PO: I was a fan of Frank's early albums, but had lost track of him around the time I was writing the book (1985-86), and had become more interested in jazz. But I was looking for "unusual" Cathoilcs, both practicing Catholics and ex-Catholics, like George Carlin, reporter/novelist Jimmy Breslin, novelists Mary Gordon and Robert Stone (whose latest is "Damascus Gate"), former presidential candidate Eugene McCarthy, and others, all of whom are also interviewed in my book.

I had heard that Frank grew up Catholic as an Italian American (like me). I thought he might have some funny things to say about religion in general because of his dislike of televangelists. I wasn't disappointed. This was around the time he was starting to attack the PMRC, headed by Al Gore's wife Tipper, which was attempting to censor rock lyrics.

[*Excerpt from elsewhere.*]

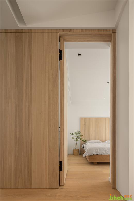 The bedroom doors are unified with original wood color doors, hidden wooden doors, visually more uniform。

VS: Was it hard to contact Frank to ask for an interview? What was your first impression of him?

PO: I had worked as Music Editor of Soho News in Manhattan for eight years so I knew all the music publicists. It wasn't hard to get ahold of him. We met in a hotel in Manhattan where he was staying during a concert tour. My first impression was that he smoked a lot, but other than that he seemed awfully normal-looking, wore a jacket and tie and was very cordial.

VS: By the way, have you ever heard Frank's so called Divan suite from Flo'n'Eddie era. It was Zappa's funny but very obscene version of Genesis.

PO: Sorry, I haven't ever had the pleasure. When I later helped Frank write his autobiography, The Real Frank Zappa Book, I spent three weeks with him in L.A., and he had me listen to most of his tapes and watch a lot of his videotaped interviews, but he never mentioned the Divan Suite.

VS: Well, it's a story of a void with the lone floating sofa in the middle of it, I hope you remember the front cover of One Size Fits All album. "This sofa is all right ,- said the Big G ,- Except what it needs is a floor". And so the world was created, the event which according to FZ Big G celebrated by the orgy with Und Squat, das magische Schwein. It was standard number of ill fated 1971, and never reappeared again, and never was included as a full suite in any of Frank's official concert collections. Why? Don't you think, that deep, very deep in his heart Frank wasn't that much of atheist as he tried all his life to appear? I mean he still had some fear in his soul.

PO: I've often wondered about Frank's inner spiritual feelings. Although he hated organized religion, he did not attack belief in God per se. Since my book is out of print, I'll scan in here a quote from it in which Frank talks about his religious feelings:

"Sure, I had religious feelings, but that's not something that you quantize by whether or not Jesus, or a replica or representative thereof, is whispering in your ear. I don't think that necessarily has anything to do with spiritual feelings. It's like when you listen to music: you either get it or you don't. A real religious feeling transcends the brand of the religion. It doesn't make any difference if it's Hebrew or Moslem or any of the little splinter Christian things. You got it or you don't have it, and no amount of banging you over the heed is going to instill it in you. You can't inflict that on somebody. That's the thing you can really learn to bate about the dogma, because it IS like, "Repeat after me." And then you have to ask yourself, Why am I repeating after YOU? Who in the fuck are YOU? Why are you so terrific? You dress like Halloween, but other than that, what are you telling me? Why are you improving my spiritual health here? Because I've already got it, I don't need you.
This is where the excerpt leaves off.